====== Records to process ======

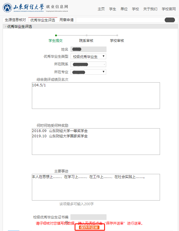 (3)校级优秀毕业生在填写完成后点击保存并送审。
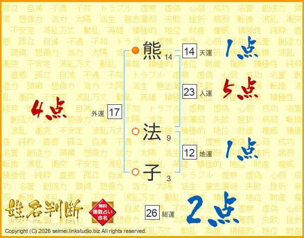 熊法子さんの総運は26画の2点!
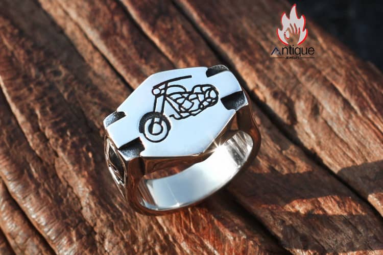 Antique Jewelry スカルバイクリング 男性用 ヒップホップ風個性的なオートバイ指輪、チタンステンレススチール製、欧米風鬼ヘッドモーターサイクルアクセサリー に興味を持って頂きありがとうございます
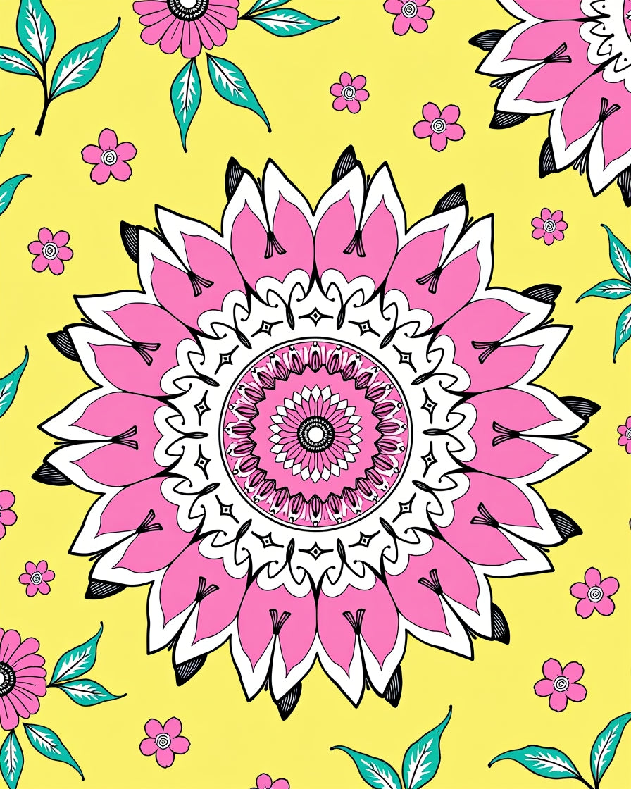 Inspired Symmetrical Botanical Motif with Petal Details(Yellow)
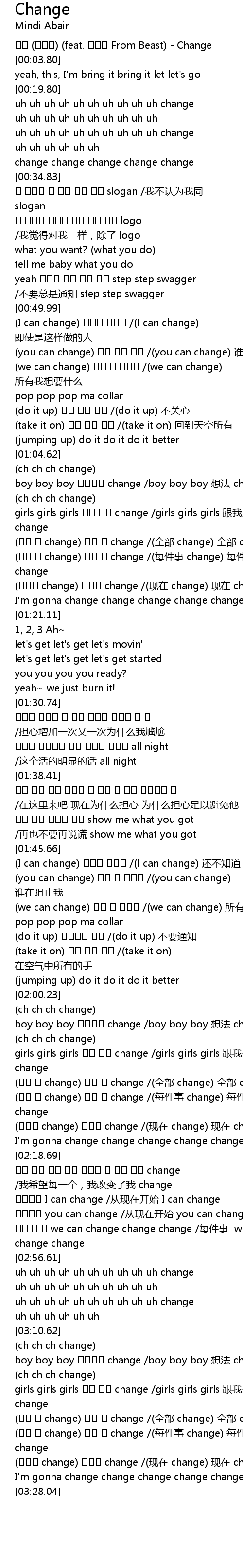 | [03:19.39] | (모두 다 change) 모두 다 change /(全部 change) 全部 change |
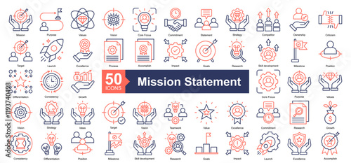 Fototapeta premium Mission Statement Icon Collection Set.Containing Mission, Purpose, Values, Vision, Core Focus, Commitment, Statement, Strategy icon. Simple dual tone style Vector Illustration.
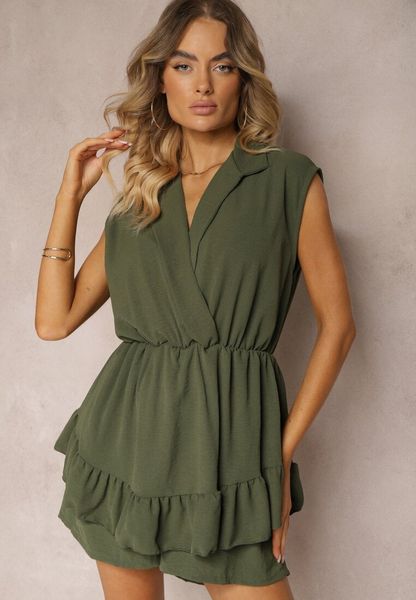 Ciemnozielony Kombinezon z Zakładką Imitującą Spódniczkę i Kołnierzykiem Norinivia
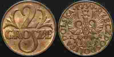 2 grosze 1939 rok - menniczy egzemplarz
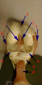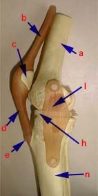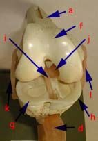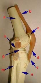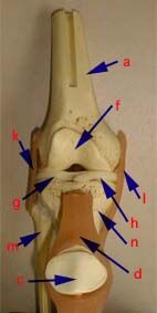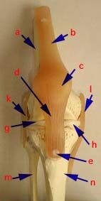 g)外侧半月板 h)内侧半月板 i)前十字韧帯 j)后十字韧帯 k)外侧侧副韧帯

======

__What is required__
The data above should be restated exactly, with its images dropped.

__Response area__
 (3)校级优秀毕业生在填写完成后点击保存并送审。
 熊法子さんの総運は26画の2点!
 Antique Jewelry スカルバイクリング 男性用 ヒップホップ風個性的なオートバイ指輪、チタンステンレススチール製、欧米風鬼ヘッドモーターサイクルアクセサリー に興味を持って頂きありがとうございます
 Inspired Symmetrical Botanical Motif with Petal Details(Yellow)
 | [03:19.39] | (모두 다 change) 모두 다 change /(全部 change) 全部 change |
 Fototapeta premium Mission Statement Icon Collection Set.Containing Mission, Purpose, Values, Vision, Core Focus, Commitment, Statement, Strategy icon. Simple dual tone style Vector Illustration.
 Ciemnozielony Kombinezon z Zakładką Imitującą Spódniczkę i Kołnierzykiem Norinivia
 2 grosze 1939 rok - menniczy egzemplarz
 g)外侧半月板 h)内侧半月板 i)前十字韧帯 j)后十字韧帯 k)外侧侧副韧帯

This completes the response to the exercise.